EXERCISE BRIEF. Exact copies of all the lines below are required, with the pictures omitted.

(DATA PROVIDED Opens)

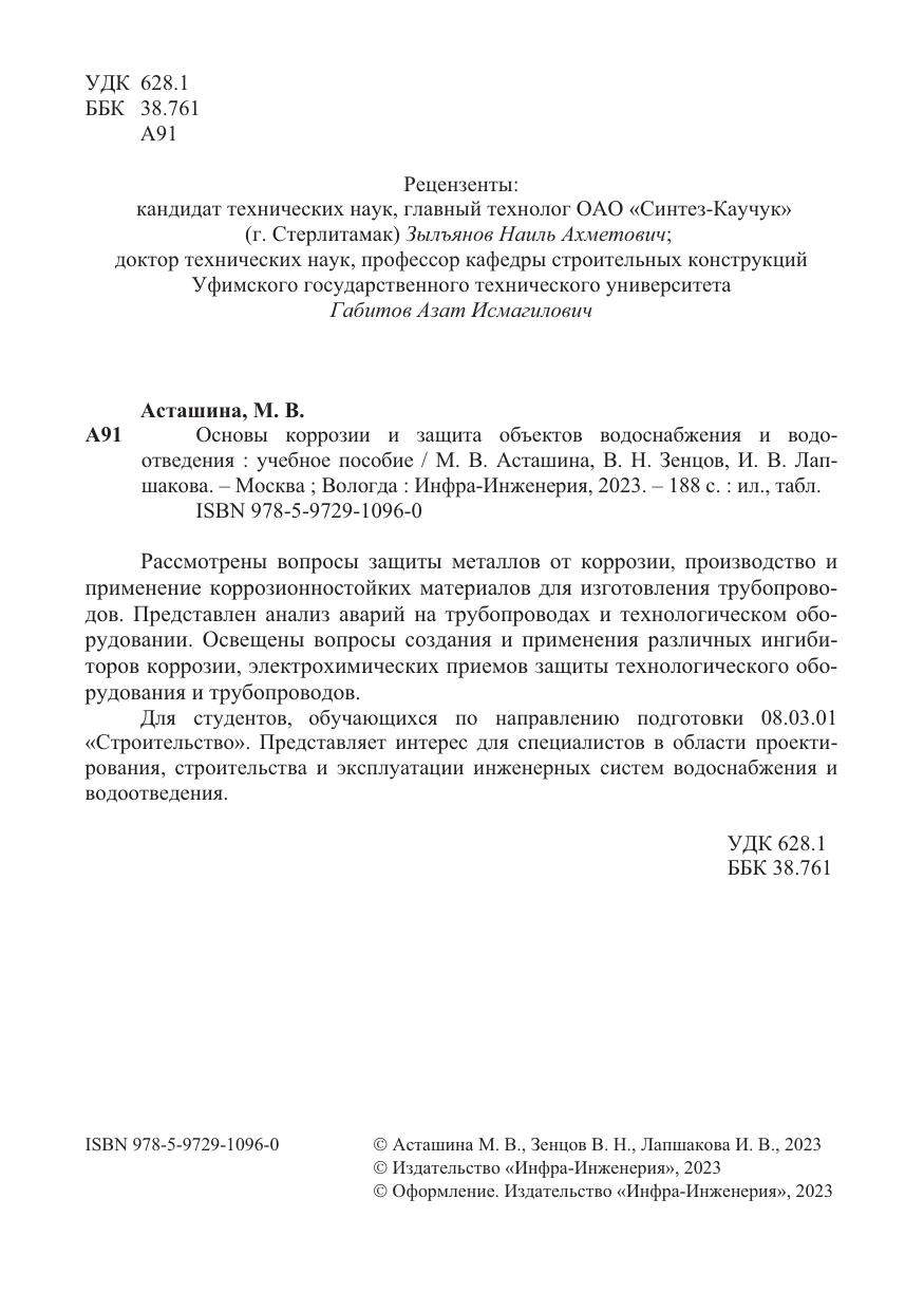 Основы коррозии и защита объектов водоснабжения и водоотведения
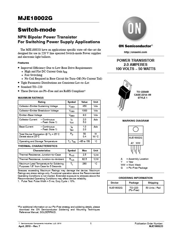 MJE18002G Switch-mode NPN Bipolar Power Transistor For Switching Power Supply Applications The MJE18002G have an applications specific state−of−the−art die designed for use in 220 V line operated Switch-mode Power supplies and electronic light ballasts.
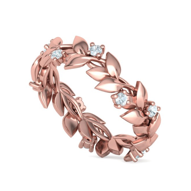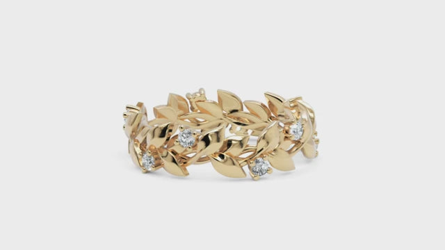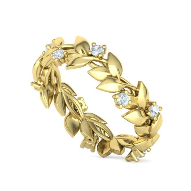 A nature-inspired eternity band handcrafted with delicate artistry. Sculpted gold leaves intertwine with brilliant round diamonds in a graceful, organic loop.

(DATA PROVIDED Closes)

FINISHED TASK.
 Основы коррозии и защита объектов водоснабжения и водоотведения
 MJE18002G Switch-mode NPN Bipolar Power Transistor For Switching Power Supply Applications The MJE18002G have an applications specific state−of−the−art die designed for use in 220 V line operated Switch-mode Power supplies and electronic light ballasts.
 A nature-inspired eternity band handcrafted with delicate artistry. Sculpted gold leaves intertwine with brilliant round diamonds in a graceful, organic loop.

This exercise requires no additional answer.